Introducing The Spatial Cypher Cheat Sheet

lyonwj

William Lyon

Posted on June 28, 2023

Introducing The Spatial Cypher Cheat Sheet

A Resource For Working With Geospatial Data In Neo4j

In this post we explore some techniques for working with geospatial data in Neo4j. We will cover some basic spatial Cypher functions, spatial search, routing algorithms, and different methods of importing geospatial data into Neo4j.

I recently went through the examples in the Spatial Cypher Cheat Sheet in an episode of the Neo4j Livestream, you can watch the recording below:

The first page of the Spatial Cypher Cheat Sheet introduces Cypher and the property graph data model, the spatial types available in the Neo4j database, as well as some of the spatial functions available in Cypher. We also touch on importing geospatial data into Neo4j (from CSV and GeoJSON) as well as some of the path-finding algorithms (breadth-first search, Dijkstra’s Algorithm, and A*).

Spatial Cypher cheat sheet - page 1

Page 2 of the Spatial Cypher Cheat Sheet covers using Neo4j with Python. First, using the Neo4j Python driver to query data from Neo4j to build a GeoDataFrame. We then explore using the OSMNx Python package for fetching data from OpenStreetMap to load a road network into Neo4j.

Spatial Cypher cheat sheet - page 2

You can download the PDF version of the Spatial Cypher Cheat Sheet, or read on for the same content in the rest of this blog post.

Introduction To Geospatial Cypher Functions With Neo4j

  • Intro To Cypher & The Property Graph Data Model
  • Spatial Point Type
  • Spatial Cypher Functions
  • Data Import
  • Routing With Path Finding Algorithms

Using Neo4j With Python

  • The Neo4j Python Driver
  • Creating A GeoDataFrame From Data Stored In Neo4j
  • Working With OpenStreetMap Data
  • Loading A Road Network With OSMNx
  • Analyzing and Visualizing Road Networks With Neo4j Bloom And Graph Data Science

Introduction To Geospatial Cypher Functions With Neo4j

Intro To Cypher And The Property Graph Data Model

Neo4j is a database management system (DBMS) that uses the property graph data model which is composed of nodes, relationships, and properties to model, store, and query data as a graph. Nodes can have one or more labels, relationships have a single type and direction. Key-value pair properties can be stored on nodes and relationships.

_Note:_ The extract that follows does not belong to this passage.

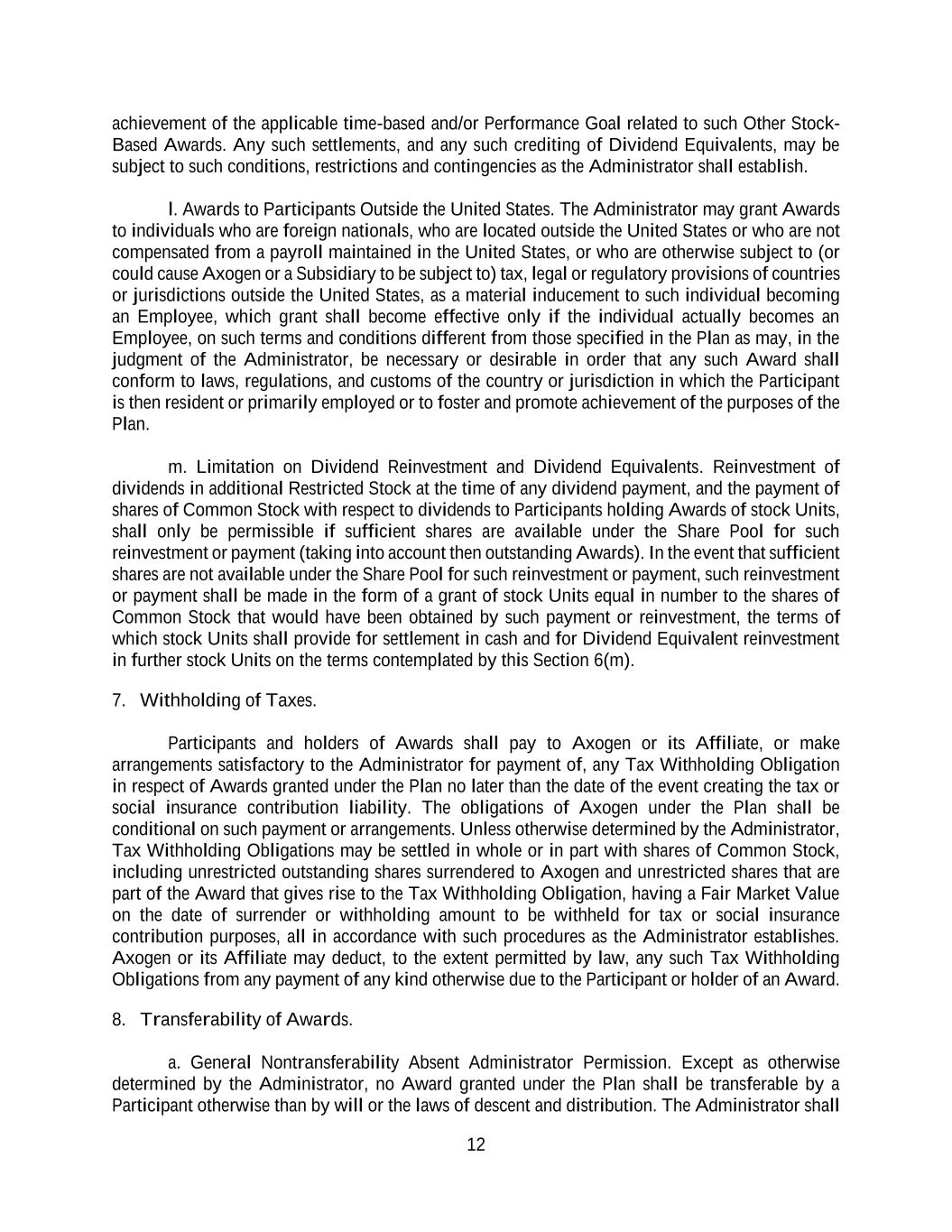12 achievement of the applicable time-based and/or Performance Goal related to such Other Stock- Based Awards. Any such settlements, and any such crediting of Dividend Equivalents, may be subject to such conditions, restrictions and contingencies as the Administrator shall establish. l. Awards to Participants Outside the United States. The Administrator may grant Awards to individuals who are foreign nationals, who are located outside the United States or who are not compensated from a payroll maintained in the United States, or who are otherwise subject to (or could cause Axogen or a Subsidiary to be subject to) tax, legal or regulatory provisions of countries or jurisdictions outside the United States, as a material inducement to such individual becoming an Employee, which grant shall become effective only if the individual actually becomes an Employee, on such terms and conditions different from those specified in the Plan as may, in the judgment of the Administrator, be necessary or desirable in order that any such Award shall conform to laws, regulations, and customs of the country or jurisdiction in which the Participant is then resident or primarily employed or to foster and promote achievement of the purposes of the Plan. m. Limitation on Dividend Reinvestment and Dividend Equivalents. Reinvestment of dividends in additional Restricted Stock at the time of any dividend payment, and the payment of shares of Common Stock with respect to dividends to Participants holding Awards of stock Units, shall only be permissible if sufficient shares are available under the Share Pool for such reinvestment or payment (taking into account then outstanding Awards). In the event that sufficient shares are not available under the Share Pool for such reinvestment or payment, such reinvestment or payment shall be made in the form of a grant of stock Units equal in number to the shares of Common Stock that would have been obtained by such payment or reinvestment, the terms of which stock Units shall provide for settlement in cash and for Dividend Equivalent reinvestment in further stock Units on the terms contemplated by this Section 6(m). 7. Withholding of Taxes. Participants and holders of Awards shall pay to Axogen or its Affiliate, or make arrangements satisfactory to the Administrator for payment of, any Tax Withholding Obligation in respect of Awards granted under the Plan no later than the date of the event creating the tax or social insurance contribution liability. The obligations of Axogen under the Plan shall be conditional on such payment or arrangements. Unless otherwise determined by the Administrator, Tax Withholding Obligations may be settled in whole or in part with shares of Common Stock, including unrestricted outstanding shares surrendered to Axogen and unrestricted shares that are part of the Award that gives rise to the Tax Withholding Obligation, having a Fair Market Value on the date of surrender or withholding amount to be withheld for tax or social insurance contribution purposes, all in accordance with such procedures as the Administrator establishes. Axogen or its Affiliate may deduct, to the extent permitted by law, any such Tax Withholding Obligations from any payment of any kind otherwise due to the Participant or holder of an Award. 8. Transferability of Awards. a. General Nontransferability Absent Administrator Permission. Except as otherwise determined by the Administrator, no Award granted under the Plan shall be transferable by a Participant otherwise than by will or the laws of descent and distribution. The Administrator shall

Airline flight graph data model

The Cypher query language is used to query data and interact with Neo4j. Cypher is a declarative query language that uses ASCII-art like syntax to define graph patterns that form the basis of most query operations. Nodes are defined with parenthesis, relationships with square brackets, and can be combined to create complex graph patterns. Common Cypher commands are MATCH (find where the graph pattern exists), CREATE (add data to the database using the specified graph pattern), and RETURN (return a subset of the data as a result of a traversal through the graph.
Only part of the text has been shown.